Your task
Set down the data again exactly. Pictures are not part of the copy.

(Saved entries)

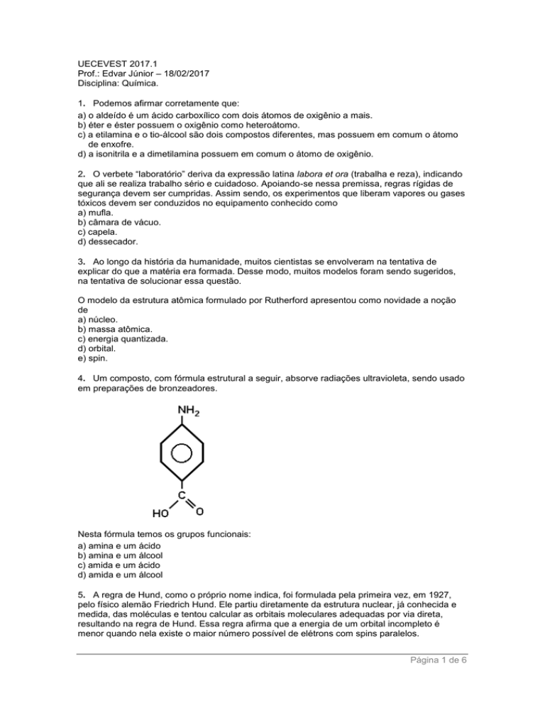 UECEVEST 2017.1 Prof.: Edvar Júnior – 18/02/2017 Disciplina: Química. 1. Podemos afirmar corretamente que: a) o aldeído é um ácido carboxílico com dois átomos de oxigênio a mais. b) éter e éster possuem o oxigênio como heteroátomo. c) a etilamina e o tio-álcool são dois compostos diferentes, mas possuem em comum o átomo de enxofre. d) a isonitrila e a dimetilamina possuem em comum o átomo de oxigênio. 2. O verbete “laboratório” deriva da expressão latina labora et ora (trabalha e reza), indicando que ali se realiza trabalho sério e cuidadoso. Apoiando-se nessa premissa, regras rígidas de segurança devem ser cumpridas. Assim sendo, os experimentos que liberam vapores ou gases tóxicos devem ser conduzidos no equipamento conhecido como a) mufla. b) câmara de vácuo. c) capela. d) dessecador. 3. Ao longo da história da humanidade, muitos cientistas se envolveram na tentativa de explicar do que a matéria era formada. Desse modo, muitos modelos foram sendo sugeridos, na tentativa de solucionar essa questão. O modelo da estrutura atômica formulado por Rutherford apresentou como novidade a noção de a) núcleo. b) massa atômica. c) energia quantizada. d) orbital. e) spin. 4. Um composto, com fórmula estrutural a seguir, absorve radiações ultravioleta, sendo usado em preparações de bronzeadores. Nesta fórmula temos os grupos funcionais: a) amina e um ácido b) amina e um álcool c) amida e um ácido d) amida e um álcool 5. A regra de Hund, como o próprio nome indica, foi formulada pela primeira vez, em 1927, pelo físico alemão Friedrich Hund. Ele partiu diretamente da estrutura nuclear, já conhecida e medida, das moléculas e tentou calcular as orbitais moleculares adequadas por via direta, resultando na regra de Hund. Essa regra afirma que a energia de um orbital incompleto é menor quando nela existe o maior número possível de elétrons com spins paralelos. Página 1 de 6 Considerando a distribuição eletrônica do átomo de enxofre em seu estado fundamental (Z 16), assinale a opção que apresenta a aplicação correta da regra de Hund. a) 1s2 2s2 2p6 3s2 3px2 3py2 3pz0 b) 1s2 2s2 2p6 3s2 3px2 3py1 3pz1 c) 1s2 2s2 2p6 3s2 3px2 3py0 3pz2 d) 1s2 2s2 2p6 3s2 3px1 3py2 3pz1 6. Com relação à solubilidade dos compostos orgânicos, verifica-se que a maioria (que é constituída de compostos apolares) não se dissolve em água (que é um líquido polar). Pelo contrário, os compostos orgânicos são, em geral, solúveis nos chamados solventes orgânicos, como os hidrocarbonetos e éteres. Um caso interessante a considerar é a solubilidade dos alcoóis. Os monoálcoois mais simples são totalmente miscíveis com a água e essa solubilidade é atribuída a) à parte apolar das moléculas dos monoálcoois mais simples. b) ao forte caráter iônico das ligações covalentes das moléculas do monoálcool e as da água. c) às ligações de hidrogênio formadas entre as moléculas do monoálcool e as da água. d) aos monoálcoois mais simples serem formados por grupos orgânicos R, polar, e pelo grupo OH, fracamente apolar. 7. A massa específica ou densidade absoluta de um gás nas CNTP é 1,25 g/L. Sua massa molecular é, aproximadamente, igual à do a) monóxido de mononitrogênio. b) etano. c) monóxido de carbono. d) sulfeto de hidrogênio. 8. Há cerca de dois mil e quinhentos anos, o filósofo grego Demócrito disse que se dividirmos a matéria em pedacinhos, cada vez menores, chegaremos a grãozinhos indivisíveis, que são os átomos (a = não e tomo = parte). Em 1897, o físico inglês Joseph Thompson (1856-1940) descobriu que os átomos eram divisíveis: lá dentro havia o elétron, partícula com carga elétrica negativa. Em 1911, o neozelandês Ernest Rutherford (1871-1937) mostrou que os átomos tinham uma região central compacta chamada núcleo e que lá dentro encontravam-se os prótons, partículas com carga positiva. Atente à figura a seguir, que representa o núcleo e a eletrosfera do átomo. Com relação à figura acima, é correto afirmar que a) o núcleo é muito pequeno, por isso, tem pouca massa se comparado à massa do átomo. b) mais de 90% de toda a massa do átomo está na eletrosfera. c) considerando as reais grandezas do núcleo e da eletrosfera do átomo, se comparadas às suas representações na figura, o tamanho da eletrosfera está desproporcional ao tamanho do núcleo. d) a massa do núcleo é bem maior do que a massa da eletrosfera, cuja relação fica em torno de 100 vezes. Página 2 de 6 9. Na visão de Sommerfeld, o átomo é a) uma esfera maciça, indivisível, homogênea e indestrutível. b) uma esfera de carga positiva que possui elétrons de carga negativa nela incrustados. c) constituído por camadas eletrônicas contendo órbita circular e órbitas elípticas. d) constituído por núcleo e eletrosfera, em que todos os elétrons estão em órbitas circulares. 10. Uma revisão de estudos prova que a vitamina K preserva a saúde dos ossos, previne contra doenças do coração e pode até afastar tumores. A vitamina K1 (filoquinona, fitonadiona) encontra-se principalmente nos vegetais de folhas verdes, tais como folhas de nabo, espinafres, brócolis, couve e alface. Outras fontes ricas são as sementes de soja, fígado de vaca e chá verde. Boas fontes incluem a gema de ovo, aveia, trigo integral, batatas, tomates, aspargos, manteiga e queijo. Com respeito à filoquinona, cuja fórmula estrutural se encontra a seguir, assinale a afirmação verdadeira. a) Possui em sua composição química 31 átomos de carbono. b) Seis é o número de carbonos terciários em sua estrutura. c) É um composto aromático polinuclear condensado com uma função mista de um aldeído. d) Possui 74 ligações sigma (σ ) e 7 ligações pi ( π). 11. Sobre os conceitos elementares de química, é incorreto afirmar-se que a) substância simples é aquela formada por átomos iguais. b) substâncias simples sofrem decomposição por se
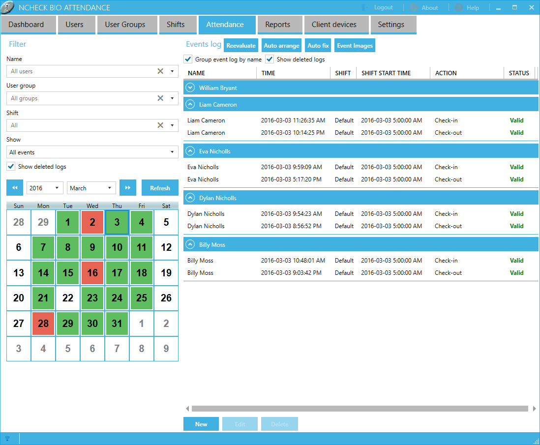 Web: attendance view
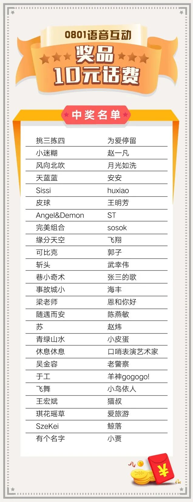 话费将于8月7日(本周五之前)充值到中奖客官后台预留的手机号码中,请各位客官耐心等待~
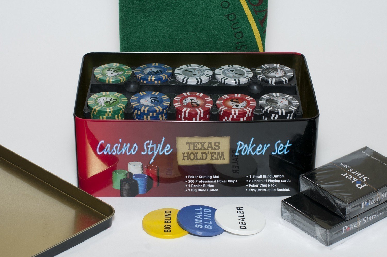 Первое, что бросается в глаза – удобная жестяная упаковка, с помощью которой набор можно брать с собой в путешествие. Главное – 200 фишек спокойно хватит для комфортной и очень продолжительной игры. На фишках заранее обозначен номинал, что значительно облегчает итоговый подсчет очков. Кроме самих фишек, вы получаете 2 колоды карт по 54 штуки в каждой, изготовленные из пластика, фишку дилера и сукно, с помощью которого сможете играть в покер даже во время отдыха на природе.
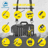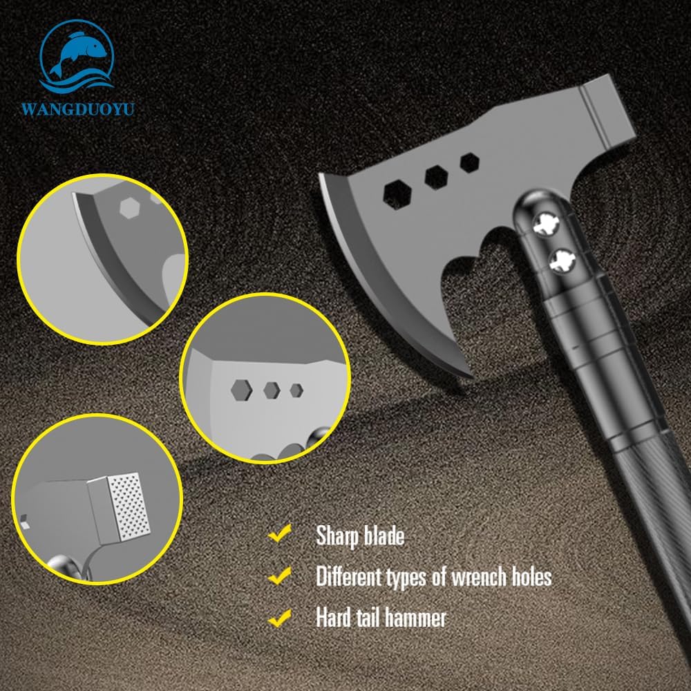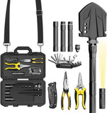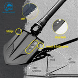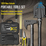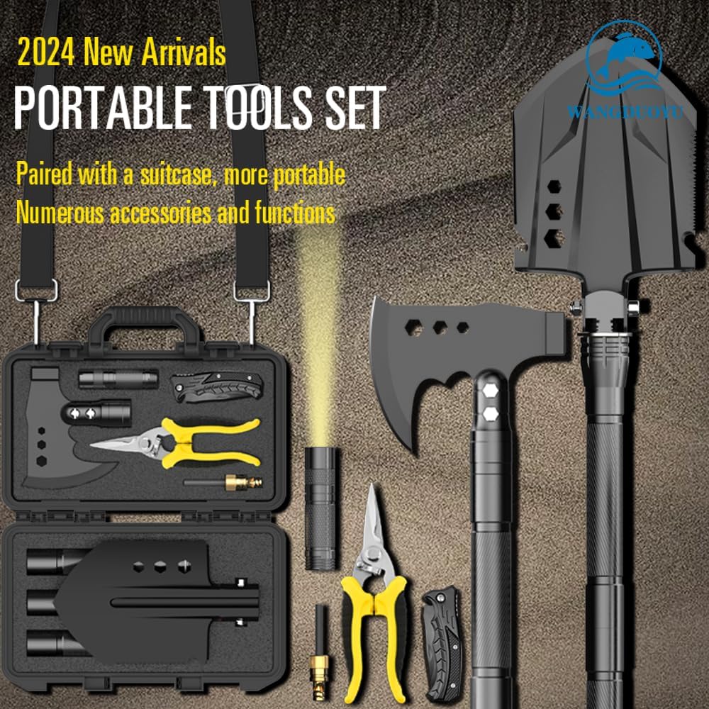 The multifunctional folding shovel set contains various tools, made of thickened high carbon steel, heat treated for high strength, combined with special coating, rust-resistant, wear-resistant and non-deformed.
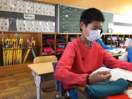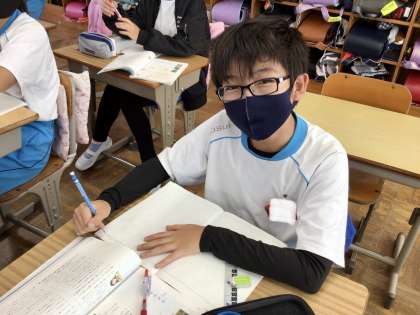 国語の授業です。「海のいのち」の本文を読んでいました。明るい雰囲気の授業で、盛り上がっていました。
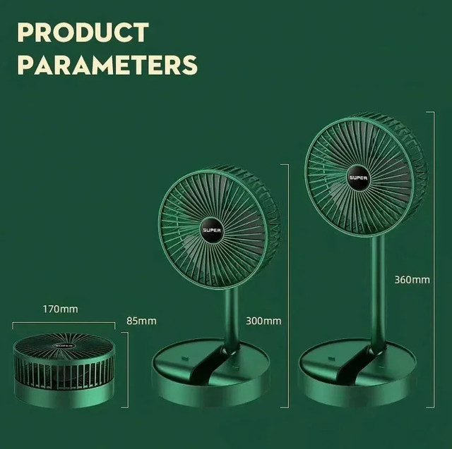 🔄 ফোল্ডিং ডিজাইন: এই ফ্যানটি ফোল্ডিং স্টোরেজ ডিজাইনসহ আসে, যা সহজেই ভাঁজ করে সংরক্ষণ করা যায়।
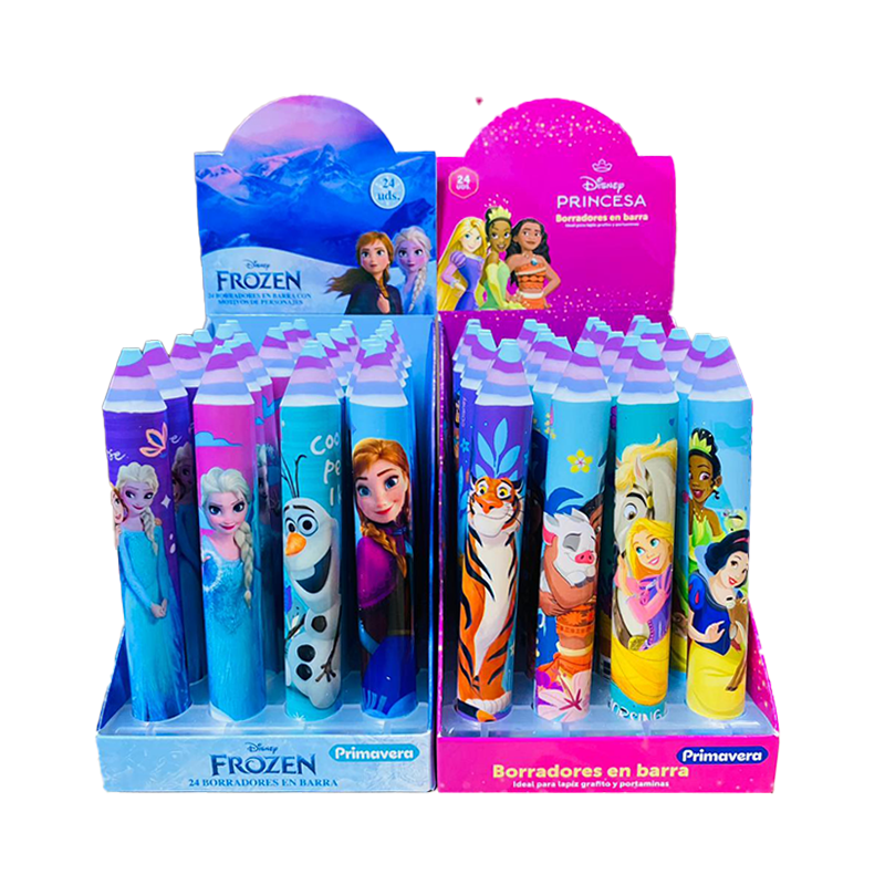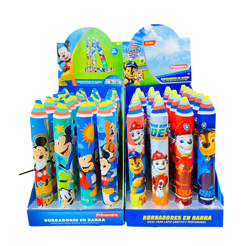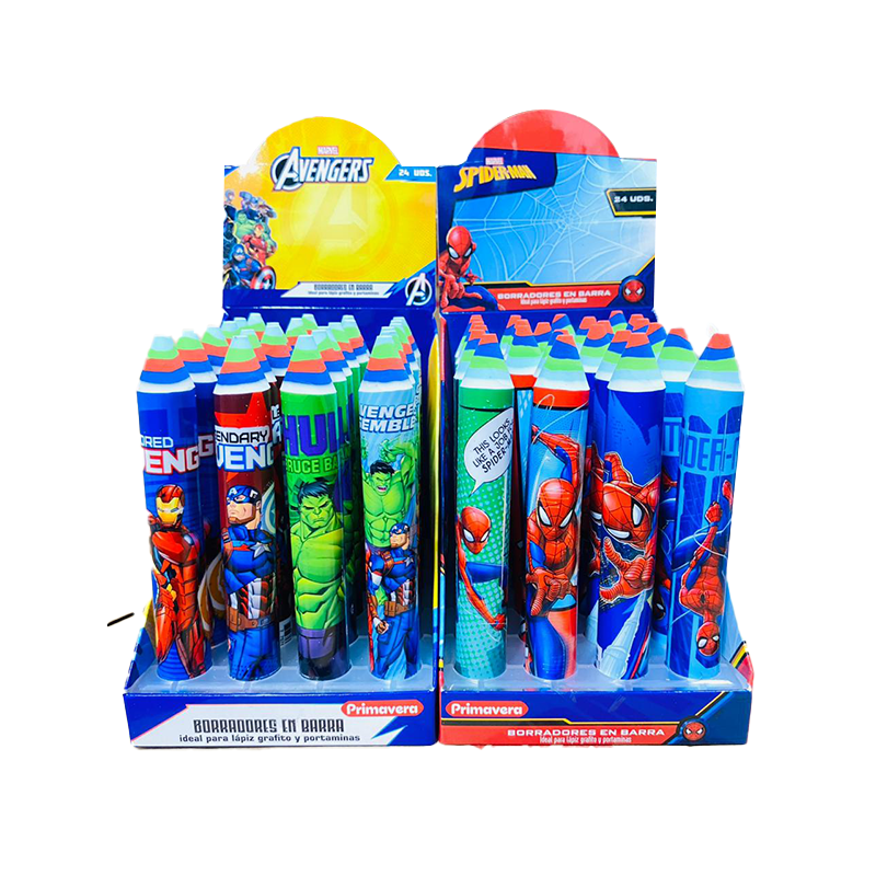 El Borrador en barra de personajes Primavera combina funcionalidad y diseño gracias a su formato tipo lápiz jumbo, que ofrece un agarre cómodo y un borrado suave sin maltratar el papel. Cada borrador viene recubierto con divertidos diseños de personajes de Disney y Marvel, ideales para niños y niñas que aman llevar sus héroes y favoritas al colegio. Su tamaño grueso y duradero permite un uso prolongado, perfecto para tareas diarias, actividades escolares y kits de útiles. Además, su presentación colorida lo convierte en un accesorio llamativo dentro de la cartuchera. ¡Una vez realices tu compra te contactaremos para que elijas el motivo de tu borrador!

Final answer
 UECEVEST 2017.1 Prof.: Edvar Júnior – 18/02/2017 Disciplina: Química. 1. Podemos afirmar corretamente que: a) o aldeído é um ácido carboxílico com dois átomos de oxigênio a mais. b) éter e éster possuem o oxigênio como heteroátomo. c) a etilamina e o tio-álcool são dois compostos diferentes, mas possuem em comum o átomo de enxofre. d) a isonitrila e a dimetilamina possuem em comum o átomo de oxigênio. 2. O verbete “laboratório” deriva da expressão latina labora et ora (trabalha e reza), indicando que ali se realiza trabalho sério e cuidadoso. Apoiando-se nessa premissa, regras rígidas de segurança devem ser cumpridas. Assim sendo, os experimentos que liberam vapores ou gases tóxicos devem ser conduzidos no equipamento conhecido como a) mufla. b) câmara de vácuo. c) capela. d) dessecador. 3. Ao longo da história da humanidade, muitos cientistas se envolveram na tentativa de explicar do que a matéria era formada. Desse modo, muitos modelos foram sendo sugeridos, na tentativa de solucionar essa questão. O modelo da estrutura atômica formulado por Rutherford apresentou como novidade a noção de a) núcleo. b) massa atômica. c) energia quantizada. d) orbital. e) spin. 4. Um composto, com fórmula estrutural a seguir, absorve radiações ultravioleta, sendo usado em preparações de bronzeadores. Nesta fórmula temos os grupos funcionais: a) amina e um ácido b) amina e um álcool c) amida e um ácido d) amida e um álcool 5. A regra de Hund, como o próprio nome indica, foi formulada pela primeira vez, em 1927, pelo físico alemão Friedrich Hund. Ele partiu diretamente da estrutura nuclear, já conhecida e medida, das moléculas e tentou calcular as orbitais moleculares adequadas por via direta, resultando na regra de Hund. Essa regra afirma que a energia de um orbital incompleto é menor quando nela existe o maior número possível de elétrons com spins paralelos. Página 1 de 6 Considerando a distribuição eletrônica do átomo de enxofre em seu estado fundamental (Z 16), assinale a opção que apresenta a aplicação correta da regra de Hund. a) 1s2 2s2 2p6 3s2 3px2 3py2 3pz0 b) 1s2 2s2 2p6 3s2 3px2 3py1 3pz1 c) 1s2 2s2 2p6 3s2 3px2 3py0 3pz2 d) 1s2 2s2 2p6 3s2 3px1 3py2 3pz1 6. Com relação à solubilidade dos compostos orgânicos, verifica-se que a maioria (que é constituída de compostos apolares) não se dissolve em água (que é um líquido polar). Pelo contrário, os compostos orgânicos são, em geral, solúveis nos chamados solventes orgânicos, como os hidrocarbonetos e éteres. Um caso interessante a considerar é a solubilidade dos alcoóis. Os monoálcoois mais simples são totalmente miscíveis com a água e essa solubilidade é atribuída a) à parte apolar das moléculas dos monoálcoois mais simples. b) ao forte caráter iônico das ligações covalentes das moléculas do monoálcool e as da água. c) às ligações de hidrogênio formadas entre as moléculas do monoálcool e as da água. d) aos monoálcoois mais simples serem formados por grupos orgânicos R, polar, e pelo grupo OH, fracamente apolar. 7. A massa específica ou densidade absoluta de um gás nas CNTP é 1,25 g/L. Sua massa molecular é, aproximadamente, igual à do a) monóxido de mononitrogênio. b) etano. c) monóxido de carbono. d) sulfeto de hidrogênio. 8. Há cerca de dois mil e quinhentos anos, o filósofo grego Demócrito disse que se dividirmos a matéria em pedacinhos, cada vez menores, chegaremos a grãozinhos indivisíveis, que são os átomos (a = não e tomo = parte). Em 1897, o físico inglês Joseph Thompson (1856-1940) descobriu que os átomos eram divisíveis: lá dentro havia o elétron, partícula com carga elétrica negativa. Em 1911, o neozelandês Ernest Rutherford (1871-1937) mostrou que os átomos tinham uma região central compacta chamada núcleo e que lá dentro encontravam-se os prótons, partículas com carga positiva. Atente à figura a seguir, que representa o núcleo e a eletrosfera do átomo. Com relação à figura acima, é correto afirmar que a) o núcleo é muito pequeno, por isso, tem pouca massa se comparado à massa do átomo. b) mais de 90% de toda a massa do átomo está na eletrosfera. c) considerando as reais grandezas do núcleo e da eletrosfera do átomo, se comparadas às suas representações na figura, o tamanho da eletrosfera está desproporcional ao tamanho do núcleo. d) a massa do núcleo é bem maior do que a massa da eletrosfera, cuja relação fica em torno de 100 vezes. Página 2 de 6 9. Na visão de Sommerfeld, o átomo é a) uma esfera maciça, indivisível, homogênea e indestrutível. b) uma esfera de carga positiva que possui elétrons de carga negativa nela incrustados. c) constituído por camadas eletrônicas contendo órbita circular e órbitas elípticas. d) constituído por núcleo e eletrosfera, em que todos os elétrons estão em órbitas circulares. 10. Uma revisão de estudos prova que a vitamina K preserva a saúde dos ossos, previne contra doenças do coração e pode até afastar tumores. A vitamina K1 (filoquinona, fitonadiona) encontra-se principalmente nos vegetais de folhas verdes, tais como folhas de nabo, espinafres, brócolis, couve e alface. Outras fontes ricas são as sementes de soja, fígado de vaca e chá verde. Boas fontes incluem a gema de ovo, aveia, trigo integral, batatas, tomates, aspargos, manteiga e queijo. Com respeito à filoquinona, cuja fórmula estrutural se encontra a seguir, assinale a afirmação verdadeira. a) Possui em sua composição química 31 átomos de carbono. b) Seis é o número de carbonos terciários em sua estrutura. c) É um composto aromático polinuclear condensado com uma função mista de um aldeído. d) Possui 74 ligações sigma (σ ) e 7 ligações pi ( π). 11. Sobre os conceitos elementares de química, é incorreto afirmar-se que a) substância simples é aquela formada por átomos iguais. b) substâncias simples sofrem decomposição por se
 Web: attendance view
 话费将于8月7日(本周五之前)充值到中奖客官后台预留的手机号码中,请各位客官耐心等待~
 Первое, что бросается в глаза – удобная жестяная упаковка, с помощью которой набор можно брать с собой в путешествие. Главное – 200 фишек спокойно хватит для комфортной и очень продолжительной игры. На фишках заранее обозначен номинал, что значительно облегчает итоговый подсчет очков. Кроме самих фишек, вы получаете 2 колоды карт по 54 штуки в каждой, изготовленные из пластика, фишку дилера и сукно, с помощью которого сможете играть в покер даже во время отдыха на природе.
 The multifunctional folding shovel set contains various tools, made of thickened high carbon steel, heat treated for high strength, combined with special coating, rust-resistant, wear-resistant and non-deformed.
 国語の授業です。「海のいのち」の本文を読んでいました。明るい雰囲気の授業で、盛り上がっていました。
 🔄 ফোল্ডিং ডিজাইন: এই ফ্যানটি ফোল্ডিং স্টোরেজ ডিজাইনসহ আসে, যা সহজেই ভাঁজ করে সংরক্ষণ করা যায়।
 El Borrador en barra de personajes Primavera combina funcionalidad y diseño gracias a su formato tipo lápiz jumbo, que ofrece un agarre cómodo y un borrado suave sin maltratar el papel. Cada borrador viene recubierto con divertidos diseños de personajes de Disney y Marvel, ideales para niños y niñas que aman llevar sus héroes y favoritas al colegio. Su tamaño grueso y duradero permite un uso prolongado, perfecto para tareas diarias, actividades escolares y kits de útiles. Además, su presentación colorida lo convierte en un accesorio llamativo dentro de la cartuchera. ¡Una vez realices tu compra te contactaremos para que elijas el motivo de tu borrador!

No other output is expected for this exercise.